Italy's Antitrust Regulator Concerned About Cross-Ownership of Media Platforms

New law could allow Silvio Berlusconi's Mediaset broadcaster to acquire control of a large publisher.


ROME -- Italy's main antitrust regulator officially wrote the presidents of the two houses of the Italian parliament Wednesday to express what is said was "concern" over a new law that could soon allow for increased cross-ownership of media platforms.

The so-called "milleproroghe" decree, which was passed Feb. 25, is a wide-ranging package of rules passed most years that are voted up or down as a whole. Among the items in this year's decree is an item that would allow for more cross ownership between media platforms that many in Italy say will make it easier for big media companies like Silvio Berlusconi's Mediaset broadcaster to acquire control of a large publisher.

Mediaset already controls three of Italy's seven national networks as well as a leading film production and distribution company and Il Giornale, a mid-size newspaper based in Milan. But rules prohibit the company from acquiring an existing print media company such as RCS Media Group, which owns the nations leading newspaper, a top news magazine, and one of the country's largest publishing houses. Many RCS outlets have been critical of Berlusconi in the past.

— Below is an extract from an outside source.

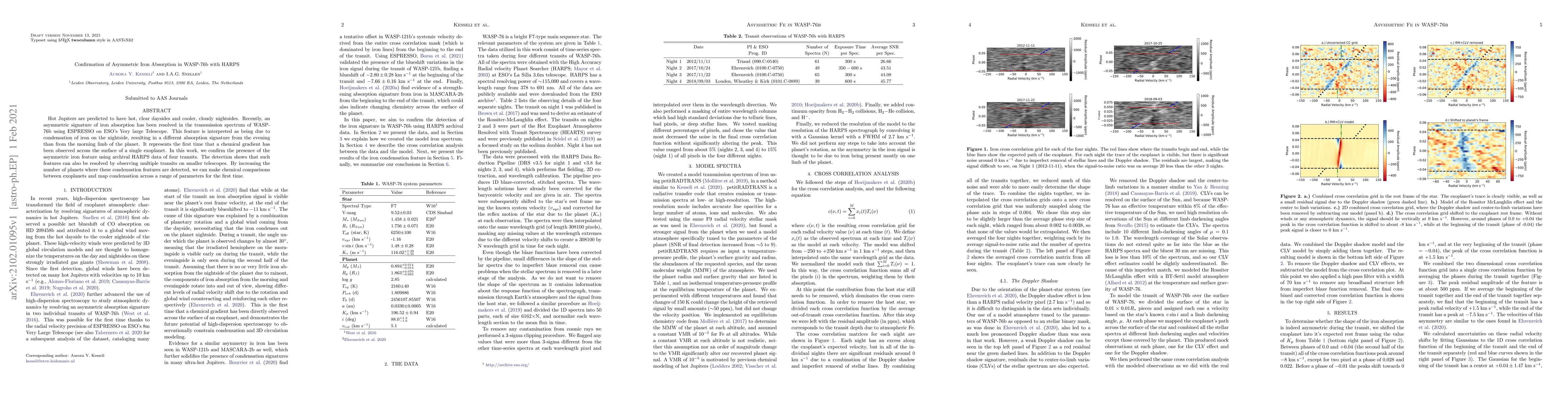 Hot Jupiters are predicted to have hot, clear daysides and cooler, cloudy nightsides. Recently, an asymmetric signature of iron absorption has been resolved in the transmission spectrum of WASP-76b using ESPRESSO on ESO's Very large Telescope. This feature is interpreted as being due to condensation of iron on the nightside, resulting in a different absorption signature from the evening than from the morning limb of the planet. It represents the first time that a chemical gradient has been observed across the surface of a single exoplanet. In this work, we confirm the presence of the asymmetric iron feature using archival HARPS data of four transits. The detection shows that such features can also be resolved by observing multiple transits on smaller telescopes. By increasing the number of planets where these condensation features are detected, we can make chemical comparisons between exoplanets and map condensation across a range of parameters for the first time.

Berlusconi, who is being tried in three separate trials ranging from tax fraud and abuse of power to paying for sex with an underage prostitute, is known to aggressively use his media outlets to bolster his support among the public.

The milleproroghe decree usually extends the ban on such ownership two years, and this time around the ban was originally written to be extended until the end of 2012. But just before the vote, the rules were extended only until the end of this month, giving a rise to speculation that a Mediaset bid for RCS or another large print conglomerate could be in the works.

In its letter to parliamentary leadership, the antitrust authority said it was "concerned" that the cross ownership rules could soon expire and it called for the existing limits on ownership to be extended in order to maintain strong competition among different media platforms.